We factor the difference of squares, leaving us with $(5^{501} - 1)(5^{501} + 1)$. We note that all even powers of 5 more than two end in ...$625$. Also, all odd powers of five more than 2 end in ...$125$. Thus, $(5^{501} + 1)$ would end in ...$126$ and thus would contribute one power of two to the answer, but not more.

We can continue to factor $(5^{501} - 1)$ as a difference of cubes, leaving us with $(5^{167} - 1)$ times an odd number. $(5^{167} - 1)$ ends in ...$124$, contributing two powers of two to the final result.

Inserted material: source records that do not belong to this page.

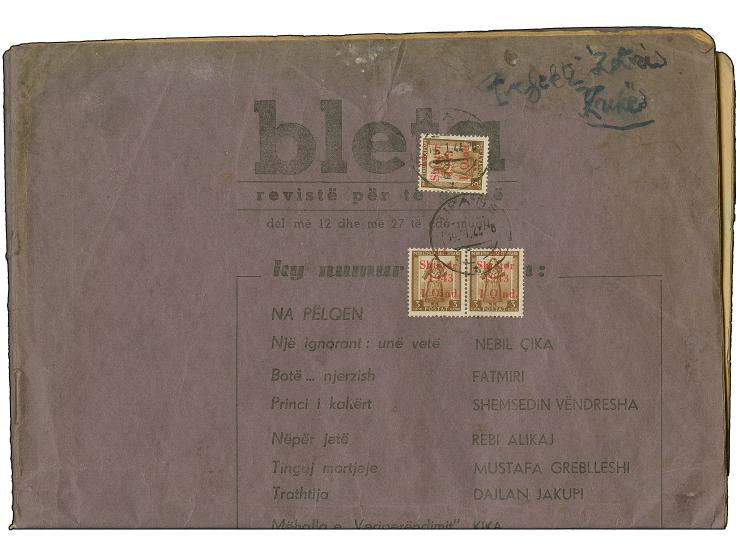 1943, 1 auf 3 Qind, waagerechtes Paar und Einzelwert, sauber mit Stempel “TIRANA 19.1.44” auf kompletter Zeitung “bleta reviste per te gijthe”, übliche Spuren, eine attraktive und seltene Verwendung
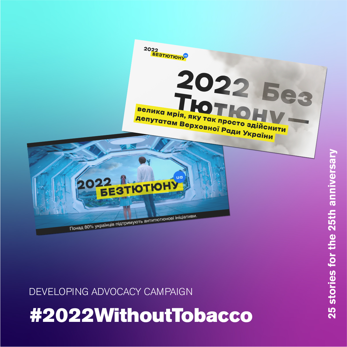 This was preceded by the #2022WithoutTobacco campaign, developed by us for the Life Center for Civic Representation. First, we tested the campaign’s messages in focus groups (including deputies and opinion leaders). On the basis of those results, we created key products for the campaign, including a video for TV and social media, the landing page for 2022notobacco.in.ua, posters, animated banners, and infographics.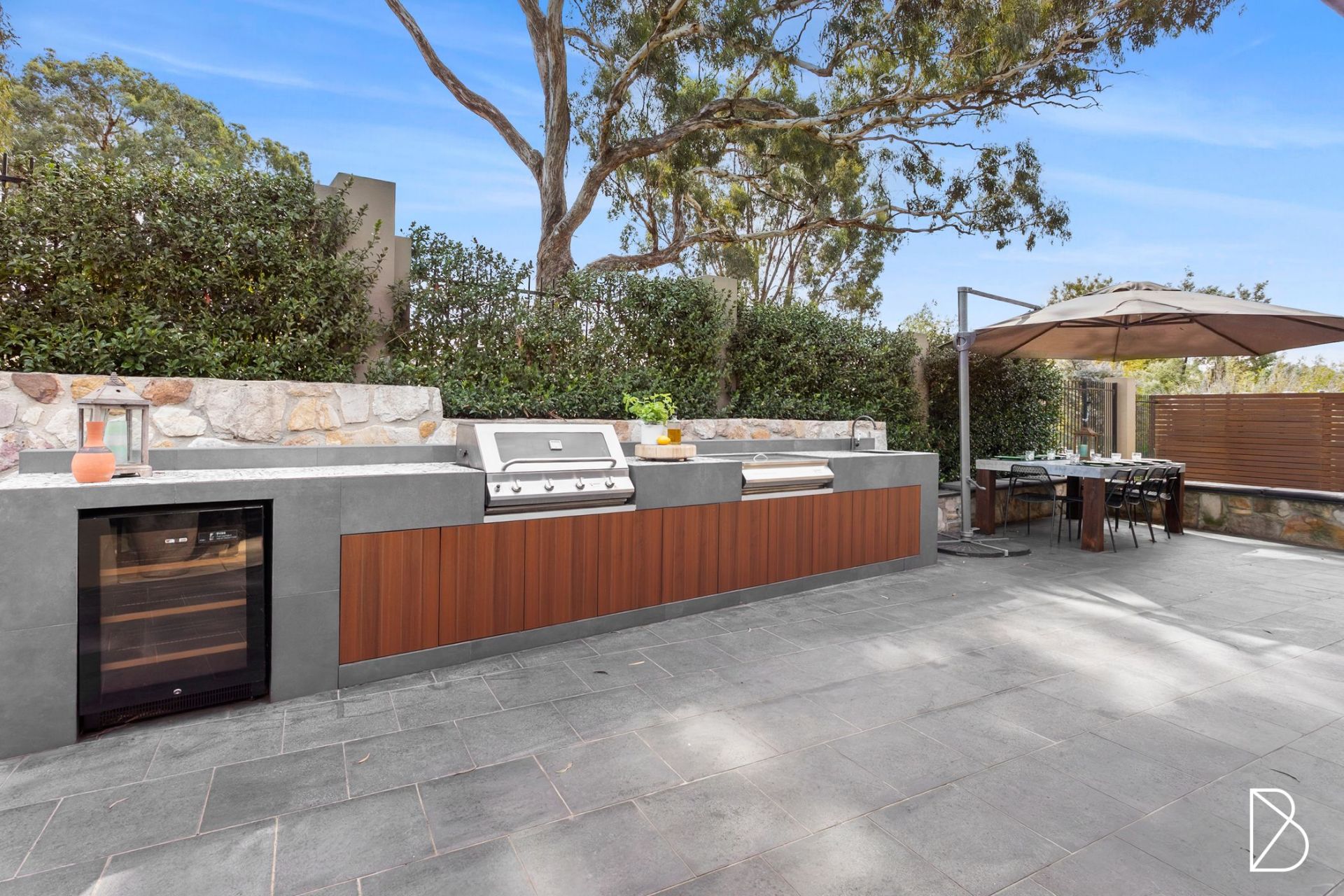 - Integrated outdoor kitchen with gas barbeque, charcoal barbeque, built in sink and Vintec drinks fridge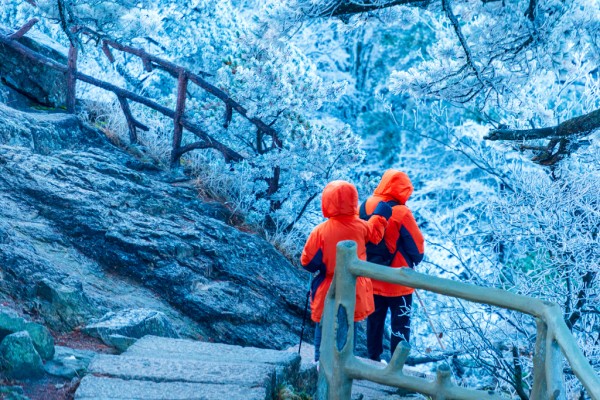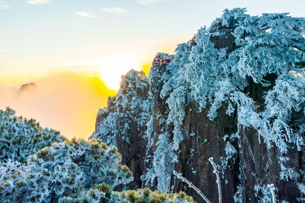 2025年11月18日清晨, 黄山迎来冬季首场雾凇、云海、日出“三景同框”盛景,不少游客提前登临观景台,沉醉于仙境之中。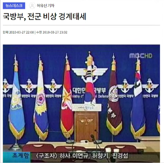 2010. 3. 26(금) 21:22분경 백령도 서남방 2.5Km 해상에서 경계 임무수행 중이던 해군 제2함대사 소속 천안함(PCC-772)이 북한 잠수정의 기습 어뢰 공격으로 침몰하여, 승조원 104명 중 46명이 전사하고 58명이 구조된 「국가 안보차원의 중대한 사태」 발생 [출처: 대한민국 해군]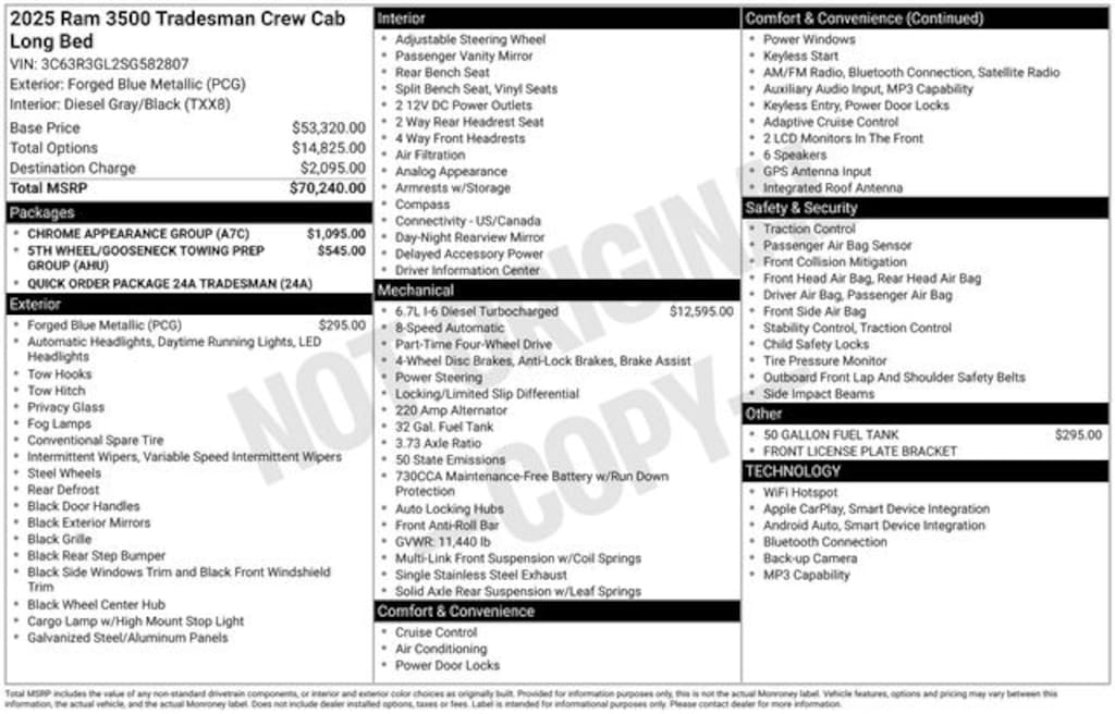 - Engine: 6.7L I6 Cummins HO Turbo Diesel$12,595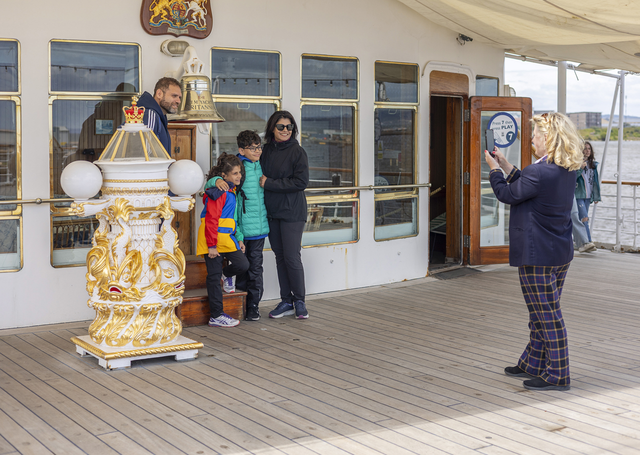 Lesley, Visitor Assistant, helping a family capture memories of their day aboard The Royal Yacht Britannia with a photo at Britannia's iconic Bell.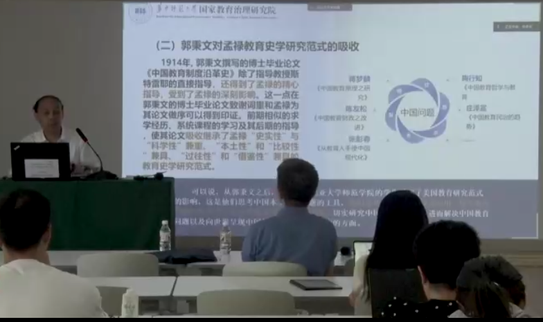 讲座围绕郭秉文先生在现代中国教育研究领域的贡献展开,聚焦于其在实证量化研究范式,哲学思辨研究范式和教育历史研究范式方面的创新。讲座伊始,周洪宇教授以对郭秉文和与郭秉文同时代的蒋梦麟、胡适、陶行知等教育学人的介绍引入,指出郭秉文对桑代克、杜威、孟禄等西方教育界大家教育范式的学习、移植和中国化;强调郭秉文是中国现代教育学科的奠基者和开创者,引进、传播并结合中国实际改造了西方的教育学说,对中国教育学科的发展产生了深远影响。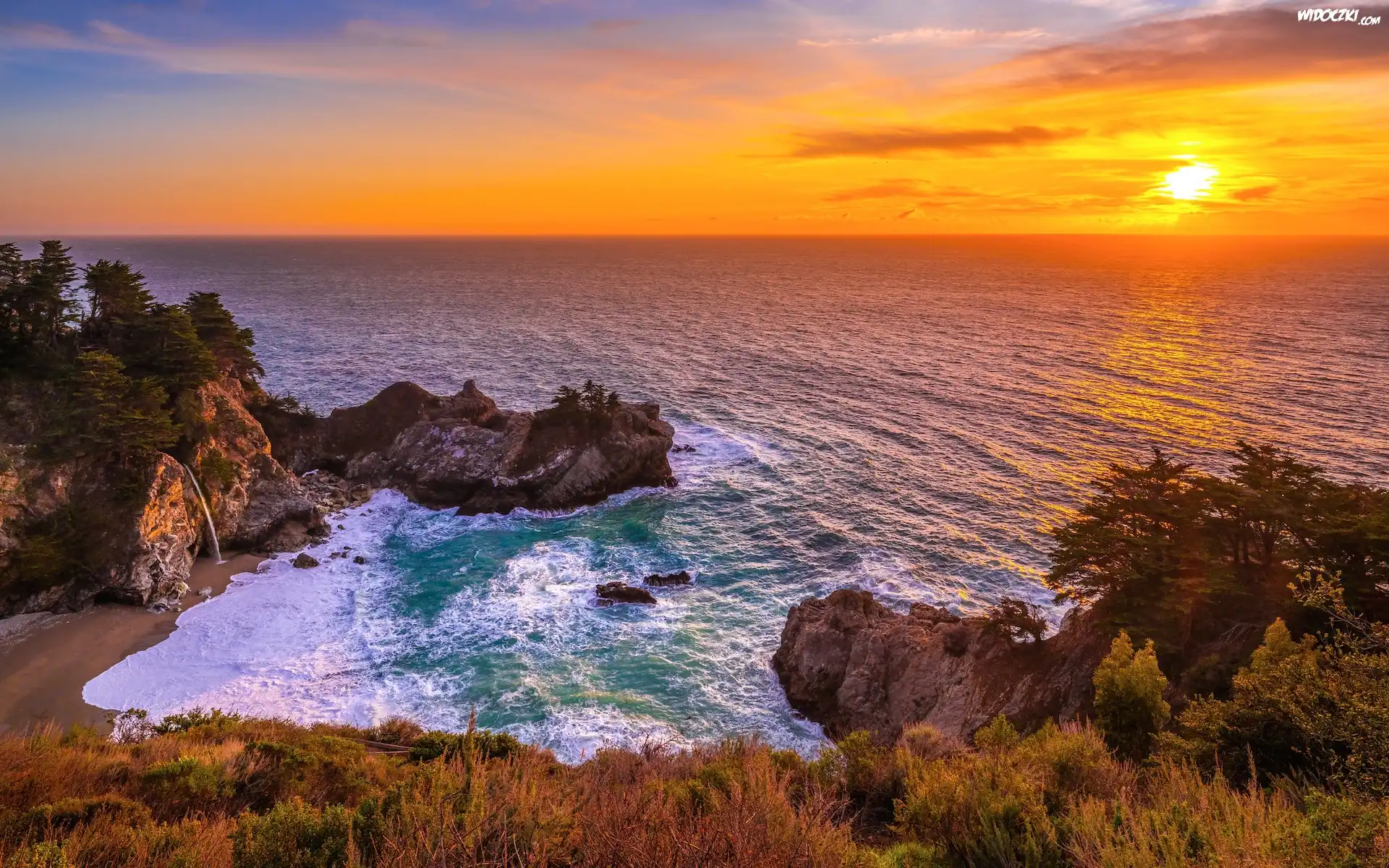 Morze, Wybrzeże Big Sur, Skały, Zachód słońca, Plaża, Zatoka McWay Cove, Park Stanowy Julia Pfeiffer Burns, Kalifornia, Stany Zjednoczone |

Adding these extra $3$ powers of two to the original $1002$ factored out, we obtain the final answer of $\textbf{(D) } 2^{1005}$.

Solution 2

First, we can write the expression in a more primitive form which will allow us to start factoring. \[10^{1002} - 4^{501} = 2^{1002} \cdot 5^{1002} - 2^{1002}\] Now, we can factor out $2^{1002}$. This leaves us with $5^{1002} - 1$. Call this number $N$ Thus, our final answer will be $2^{1002+k}$, where $k$ is the largest power of $2$ that divides $N$. Now we can consider $N \pmod{16}$, since $k \le 4$ by the answer choices.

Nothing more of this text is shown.